[[ SUPPLIED RECORDS, beginning ]]

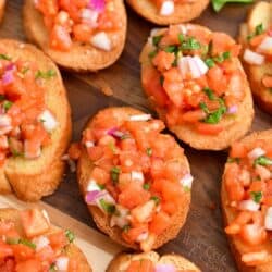 Make Ahead: You can make the bread and leave it on the counter, uncovered for several hours or up to a day. If you need to crisp them back up, just pop them in the oven for a couple of minutes at 425°F. You can make the topping ahead of time just as easily and store it in the refrigerator, in an air-tight food storage container. Tomato topping can be make up to 2 days in advance. Just note that there will be excess liquid, you can strain it off or just scoop out tomatoes with a slotted spoon.
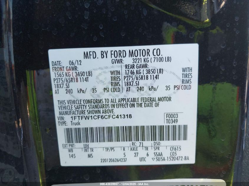 Колір ЧорнийЦиліндри 8VIN 1FTFW1CF6CFC41318Стан СтаціонарноУшкодження Ліва сторона AutoRIA
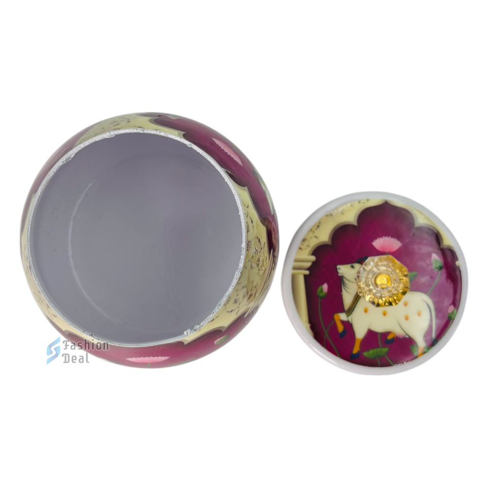 Pichwai 4 Inch Dry Fruit Jar Box Printed Hammered Metal Design with Lid for Kitchen Food Storage Return Gift for Every Occasion
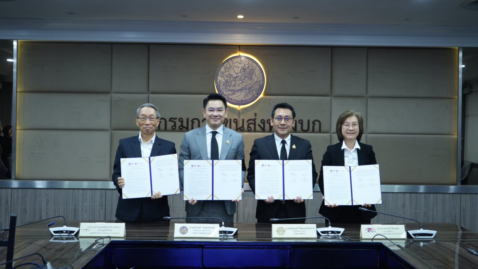 นายสรพงศ์ ไพฑูรย์พงษ์ อธิบดีกรมการขนส่งทางบก นายปิยพงษ์ จิวัฒนกุลไพศาล อธิบดีกรมทางหลวงนางสาวพรรณี ปิติกุลตัง กรรมการผู้จัดการบริษัท กลางคุ้มครองผู้ประสบภัยจากรถ จำกัด และ ศาสตราจารย์ นายแพทย์ไพบูลย์ สุริยะวงศ์ไพศาล ประธานมูลนิธิไทยโรดส์ ลงนามความร่วมมือการบูรณาการข้อมูลอุบัติเหตุทางถนน
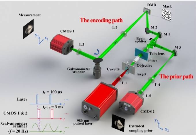 该系统采用脉冲激光作为激发光源,并通过数字微镜器件(DMD)加载伪随机图案对动态场景进行空间编码。动态场景的光信号被划分为两个路径:在编码路径中,通过振镜扫描将时间信息转化为空间剪切偏移,并由CMOS相机捕获;在先验采样路径中,另一台同步的CMOS相机直接采集场景的未编码积分图像。系统通过数字延迟发生器与信号发生器协同调度,实现对光源、振镜与双相机的精密同步控制。最终,该系统结合人工智能赋能的图像重建方法,在维持高空间分辨率的同时,实现了高保真的高速动态成像。
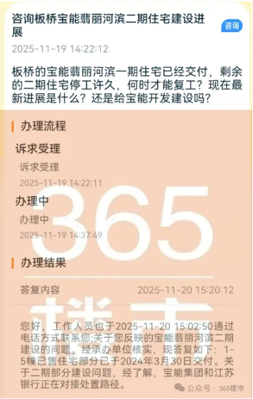 去年11月,有媒体报道称,项目售楼处已人去楼空。当时,雨花住建部门表示,对于该项目二期的建设问题,宝能集团和江苏银行正在对接处置路径。
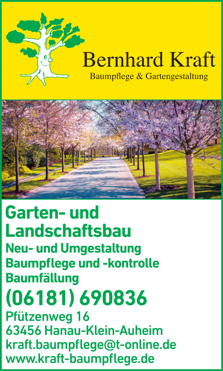 Kraft Bernhard Garten- und Landschaftsbau 06181 69 08 36 Hanau Pfützenweg 16 63456 Klein-Auheim
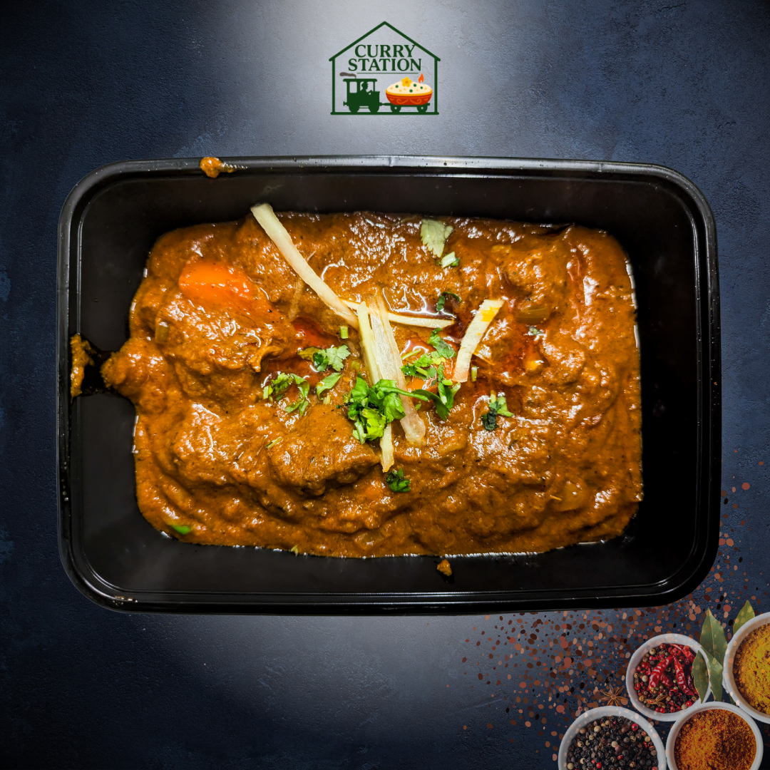 Zubereitet mit Rindfleisch und Kartoffeln nach südindischer Art – ein pikantes Curry mit intensiven Gewürzen, serviert mit Reis.
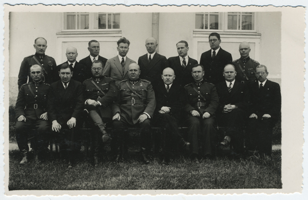 KL Petseri maleva esindajate kogu 1937. aastal. Esireas vasakult: ???, ??, maleva majanduspealik Kaarel Randur, malevapealik kolonelleitnant Hugo Ploomipuu, malevapealiku abi Nikolai Grünthal, maleva vaneminstruktor kapten Osvald Ilves, Noorte Kotkaste Petseri maleva pealik Artur Varul, Petseri malevkonna pealik leitnant Paul Listakind; teine rida: Raskekuulipildujate üksikrühma pealik August Kull, ??, ??, ??, ??; ??, Õhukaitse klp ja side üksikrühma pealik Johan Helleste ja Laura laskurkompanii pealiku abi Peeter Labidas.
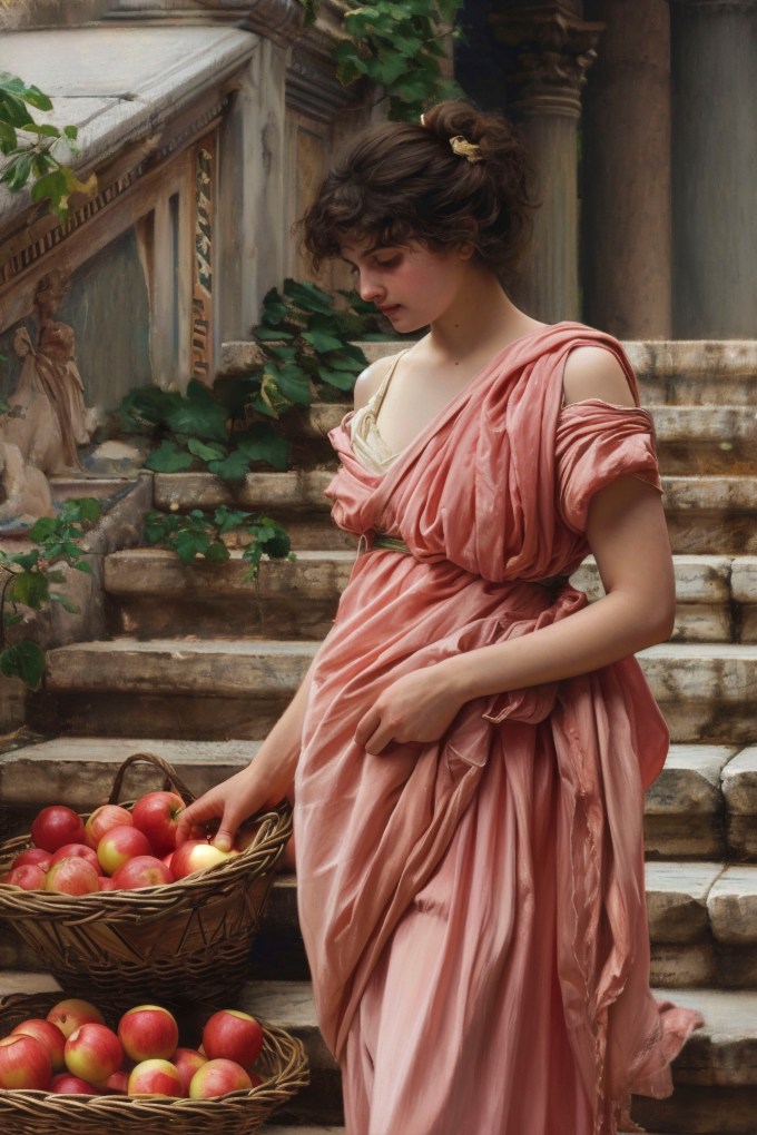 Elle goûte à la grenade — fruit rouge, pulpeux, symbole ancien de fécondité et de sexualité.
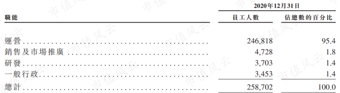 京东物流负责配送、仓库运营和其他客服的人员(统称为运营人员)约有24.7万人,占总员工人数的比例高达95.4%,其中自有配送团队就超过19万人。这些对应的就是营业成本中的员工福利开支。
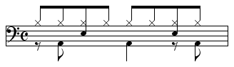 【8ビート】ドラムの基本リズム -3拍目以外を8分音符裏でバスドラムを踏むパターン-
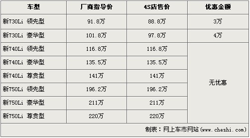 據(jù)北京寶馬經銷店銷售人員介紹,寶馬新7系共分為730Li、740Li、750Li三種等級車型,售價區(qū)間為91.8萬元-220萬元。目前購買新730Li領先型的消費者可以得到3萬元的優(yōu)惠,新730Li豪華版車型可以優(yōu)惠4萬元。消費者還介紹,除了新730Li有現(xiàn)車外,其余車型均需預訂,訂金是10萬元,最早12月份可提車。
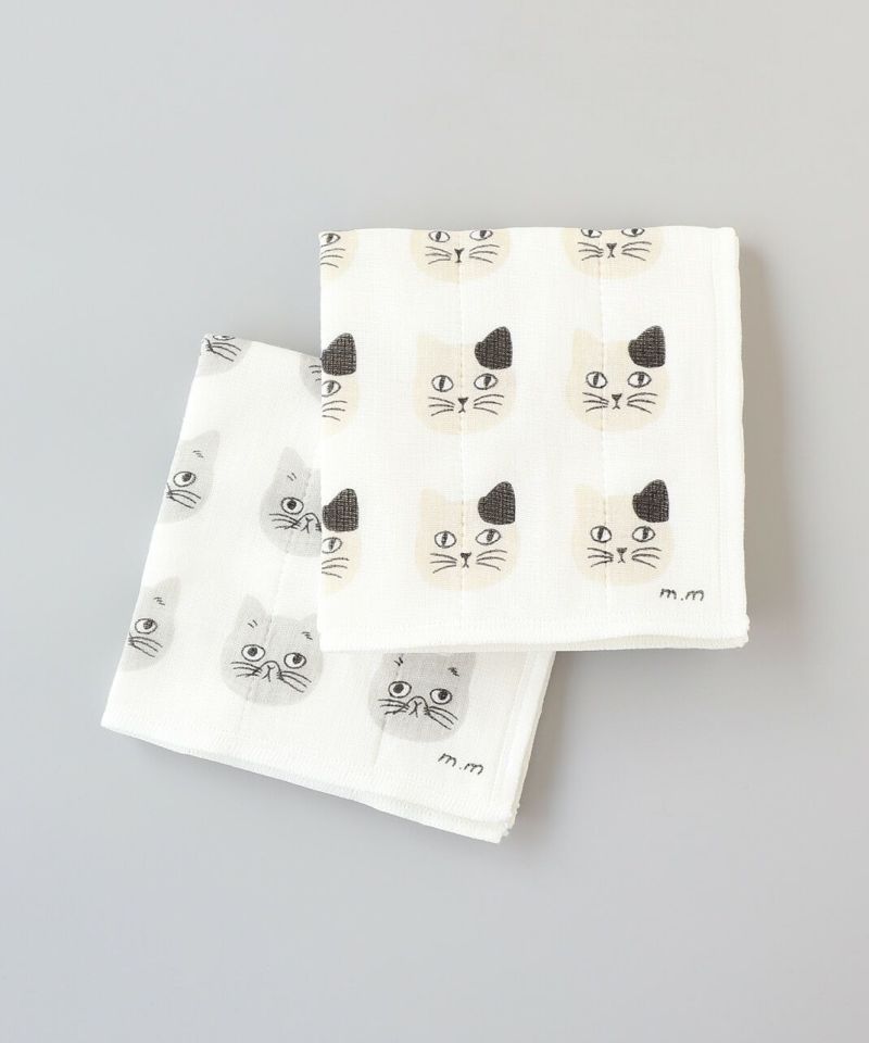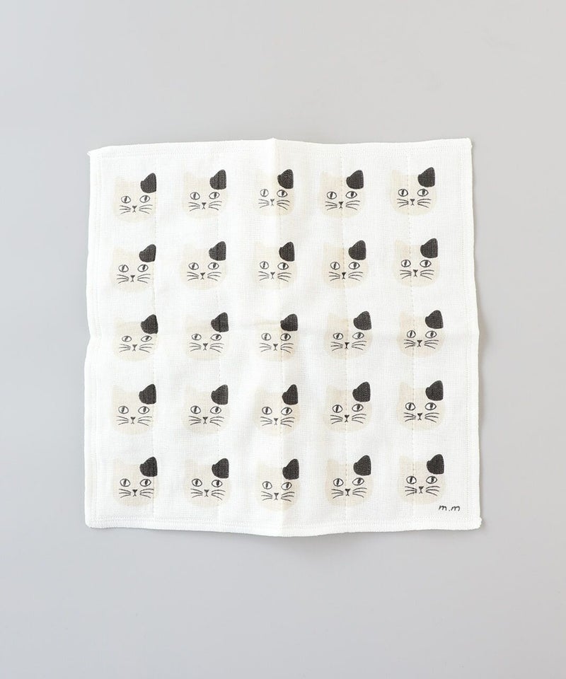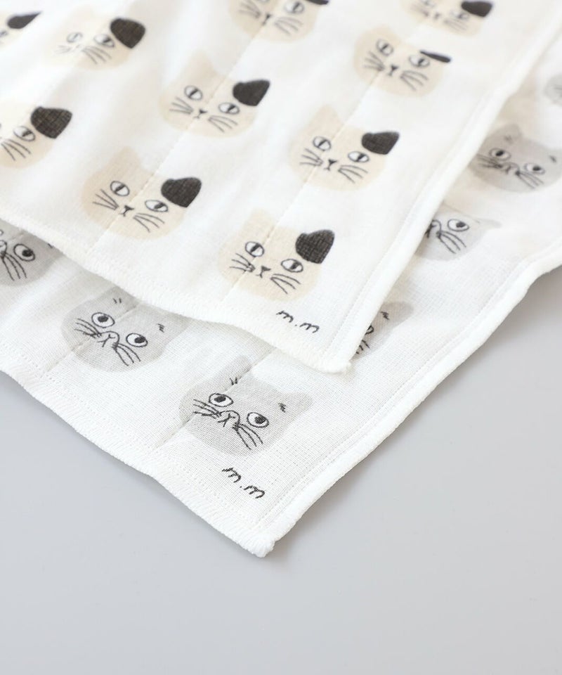 表面は柔らかな肌さわりのコットン、中と裏面は吸水性が高く汚れが落ちやすいレーヨンを7枚重ねたかやふきん。 テーブルの汚れを拭く際はレーヨン面を使用すると、ふきんを洗った時に汚れが取りやすいのでおすすめです。 松尾さんの描くスンとした表情がキュートな猫たちがキッチンを楽しく彩ります。
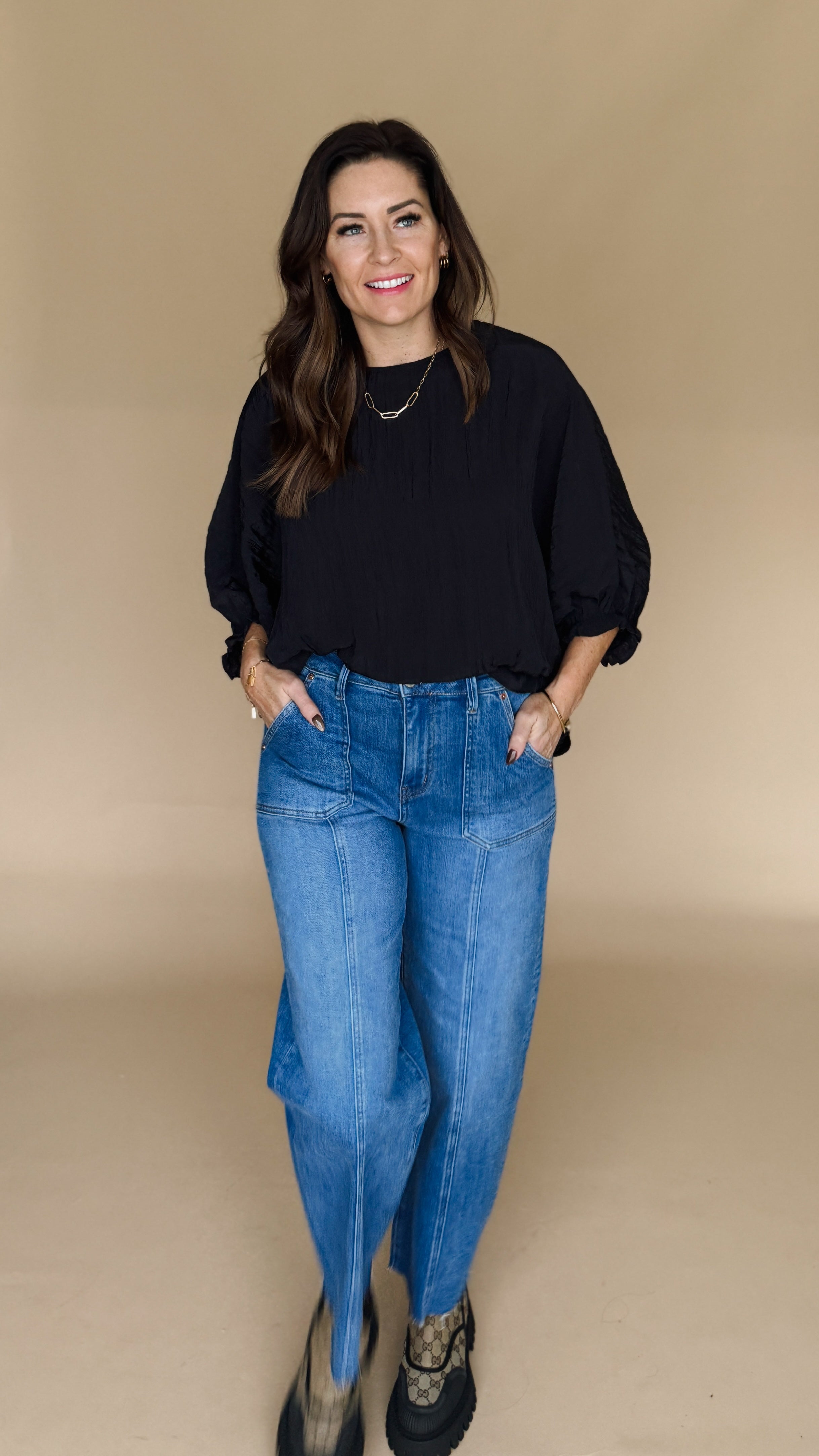 Elevate your style game with our Flowy For the Win Blouse! Featuring loose sleeves and a flowy design, this blouse is the perfect way to add a touch of elegance to any outfit. Its flattering fit is sure to make you feel confident and stylish.

[[ SUPPLIED RECORDS, end ]]

_ACTION ITEM:_ Return the lines exactly as they stand, from the start of the entries through the line holding "นายสรพงศ์ ไพฑูรย์พงษ์ อธิบดีกรมการขนส่งทางบก"; omit the pictures.

_SOLVED PROBLEM:_
 Make Ahead: You can make the bread and leave it on the counter, uncovered for several hours or up to a day. If you need to crisp them back up, just pop them in the oven for a couple of minutes at 425°F. You can make the topping ahead of time just as easily and store it in the refrigerator, in an air-tight food storage container. Tomato topping can be make up to 2 days in advance. Just note that there will be excess liquid, you can strain it off or just scoop out tomatoes with a slotted spoon.
 Колір ЧорнийЦиліндри 8VIN 1FTFW1CF6CFC41318Стан СтаціонарноУшкодження Ліва сторона AutoRIA
 Pichwai 4 Inch Dry Fruit Jar Box Printed Hammered Metal Design with Lid for Kitchen Food Storage Return Gift for Every Occasion
 นายสรพงศ์ ไพฑูรย์พงษ์ อธิบดีกรมการขนส่งทางบก นายปิยพงษ์ จิวัฒนกุลไพศาล อธิบดีกรมทางหลวงนางสาวพรรณี ปิติกุลตัง กรรมการผู้จัดการบริษัท กลางคุ้มครองผู้ประสบภัยจากรถ จำกัด และ ศาสตราจารย์ นายแพทย์ไพบูลย์ สุริยะวงศ์ไพศาล ประธานมูลนิธิไทยโรดส์ ลงนามความร่วมมือการบูรณาการข้อมูลอุบัติเหตุทางถนน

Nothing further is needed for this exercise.